期刊
JOURNAL OF PHOTOCHEMISTRY AND PHOTOBIOLOGY A-CHEMISTRY
卷 296, 期 -, 页码 48-65出版社
ELSEVIER SCIENCE SA
DOI: 10.1016/j.jphotochem.2014.08.015
关键词
Polypropylene; Photochemistry; Photothermal Oxidation; Diffusion limited oxidation; Screen effect; Kinetic modeling
资金
- Carnot-Arts Institute
A general kinetic model for the photothermal oxidation of polypropylene has been derived from the basic auto-oxidation mechanistic scheme in which the main sources of radicals are the thermolysis and photolysis of the most unstable species, i.e hydroperoxides. Thermolysis is a uni- or bi-molecular reaction whose rate constant obeys an Arrhenius law. In contrast, photolysis is exclusively a unimolecular reaction and its rate constant is independent of temperature. According to the quantum theory, this latter is proportional to the energy absorbed by photosensitive species and thus, accounts for the impact of UV-light intensity and wavelength on the global oxidation kinetics. The validity of this model has been checked on iPP films homogeneously oxidized in air over a wide range of temperatures and UV-light sources.
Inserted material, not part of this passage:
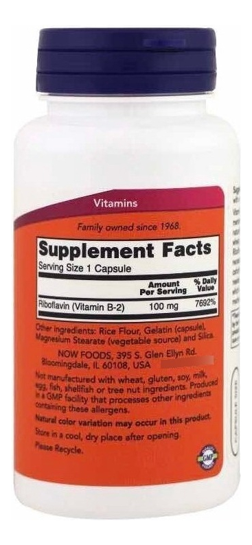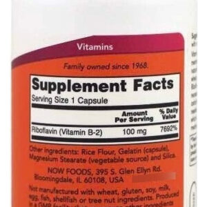 Vitamina B2 Riboflavina 100mg 100 Caps Now Foods

It gives access to the concentration changes of: (i) primary (hydroperoxides) and secondary (carbonyls) oxidation products, (ii) double bonds, (iii) chain scissions and crosslinking nodes, but also to the subsequent changes in molecular masses. These calculations are in full agreement with the photolysis results reported by Carlsson and Wiles in the 70s [1-3]. However, the model seems to be only valid for UV-light energies equivalent to about 10 suns as upper boundary, presumably because of multiphotonic excitations or chromophores photosensitization (i.e. termolecular photo-physical reactions), both enhanced at high irradiances. (C) 2014 Elsevier B.V. All rights reserved.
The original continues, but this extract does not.